We are undoubtedly living in the Age of Data, where data is power and currency. The massive and complex datasets being collected via the Internet and scientific domains, including genomics, astronomy, physics, and finance, hold the promise for many transformational applications, and machine learning techniques are seemingly poised to deliver on this promise. However, concerns over scalability and ease-of-use present major roadblocks to the wider adoption of these statistical methods. For instance, modern genomic sequencing technologies can rapidly generate hundreds of gigabytes of raw data for a single individual, yet the cost to analyze this data is emerging as a major obstacle in eventually achieving the goal of personalized medicine. As a second example, measuring customer activity is no longer a practice limited to pioneering companies like Google and Netflix, yet many organizations lack the statistical expertise required to make actionable decisions from their data.

Dr. Ameet Talwalkar, Assistant Professor of Computer Science at the University of California, Los Angeles, addresses scalability and ease-of-use issues like these, and aims to ultimately connect advances in machine learning back to the real problems in science and technology. Having led the initial development of MLlib, a leading distributed machine learning library that is part of the Apache Spark project, and having co-authored a graduate level textbook about machine learning called Foundations of Machine Learning, Dr. Talwalkar is fully equipped with both the knowledge and the expertise to tackle these challenges. He continues to educate researchers and practitioners through his massive open online course (MOOC) on edX as well as other sources.

Current research projects include:

• Scalability: Data analyses suitable for modest-sized datasets are often entirely infeasible for the terabyte and petabyte datasets that are quickly becoming the norm. Over the past decade, Dr. Talwalkar has devised and analyzed scalable learning algorithms that leverage distributed (e.g., cloud-based) computing architectures, focusing on a variety of problems including collaborative filtering for recommender systems, estimating the uncertainty or quality of learning models, and facilitating the processing of genomic sequencing data. He often employs a divide-and-conquer strategy, whereby he builds upon existing base algorithms that have proven their value at smaller scales but executes them on subsamples of the data, thus yielding efficient approximation algorithms.
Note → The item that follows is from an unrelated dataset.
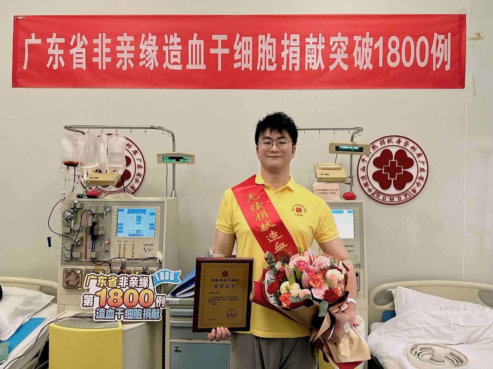 当天,志愿者谭先生成功捐献造血细胞,广东省非亲缘造血干细胞捐献在全国率先突破1800例。造血干细胞捐献者的大爱奉献为血液病患者送去了重生的希望。
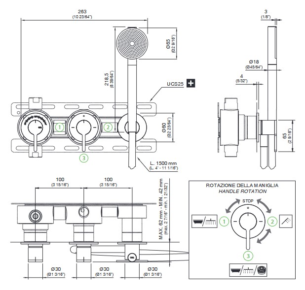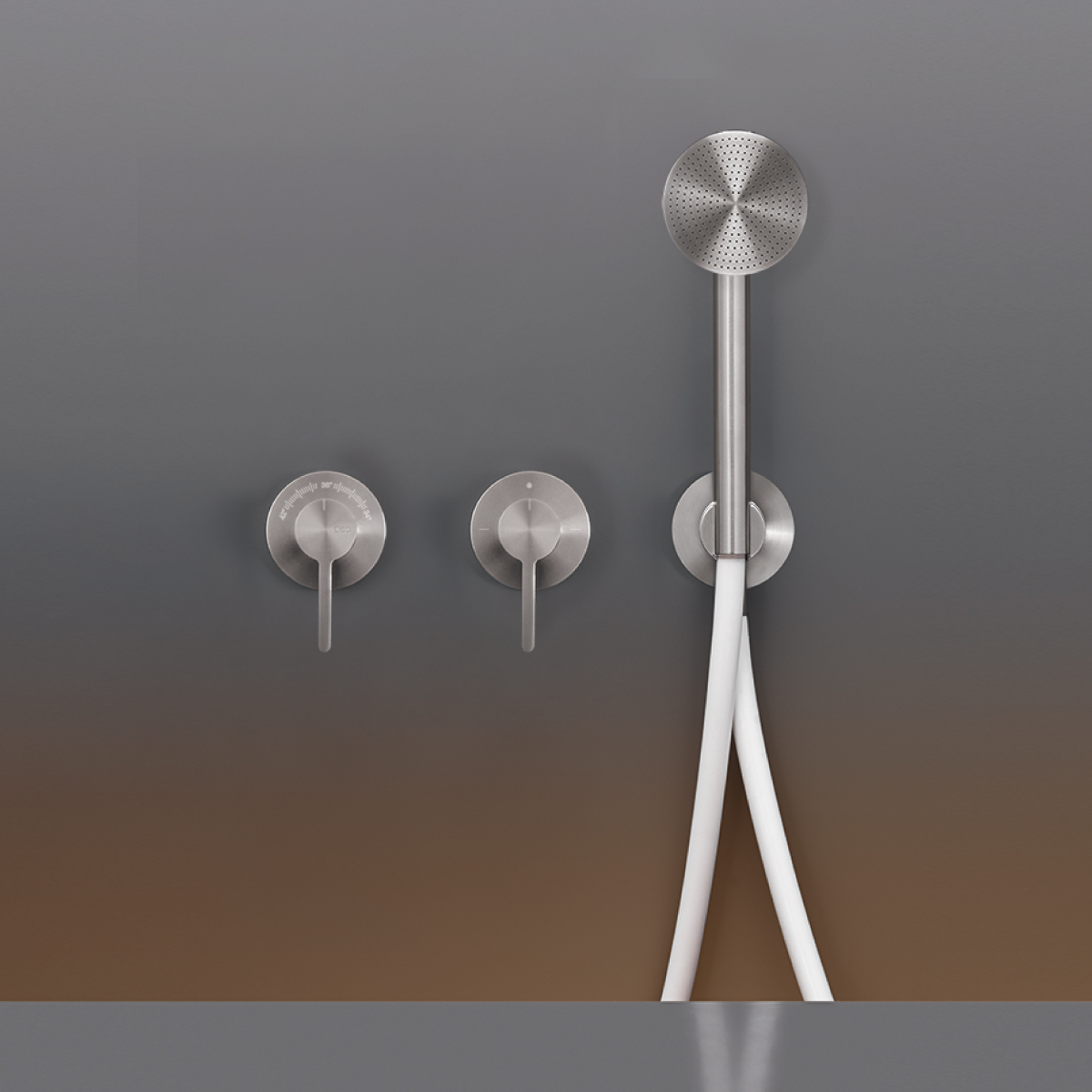 CEA Innovo Bateria wannowa/prysznicowa ścienna termostatyczna z przełącznikiem 2/3-drożnym, słuchawką i wężem element zewnętrzny Satin Stainless Steel INV60YWS

Currently, he is working on scalable approximation methods for learning algorithms such as deep learning and random forests, two state-of-the-art methods for classification and regression tasks with a wide range of applications including image classification, protein function prediction and speech recognition.

• Ease-of-use: Successfully deploying data processing pipelines is currently a highly manual process, and is fraught with pitfalls for domain experts lacking strong statistical backgrounds. The process of preprocessing input data, selecting the appropriate learning model, and tuning the various knobs of these models can be an ad-hoc and a time-consuming task. To address these issues, Dr. Talwalkar is developing principled tools to autotune components of typical machine learning pipelines. The long-term vision is to build a system called MLbase that leverages these tools to automatically construct machine learning pipelines. Through abstractions, MLbase will enable end users to issue high-level queries and reason about predicted attributes, without the burden of understanding the low-level details.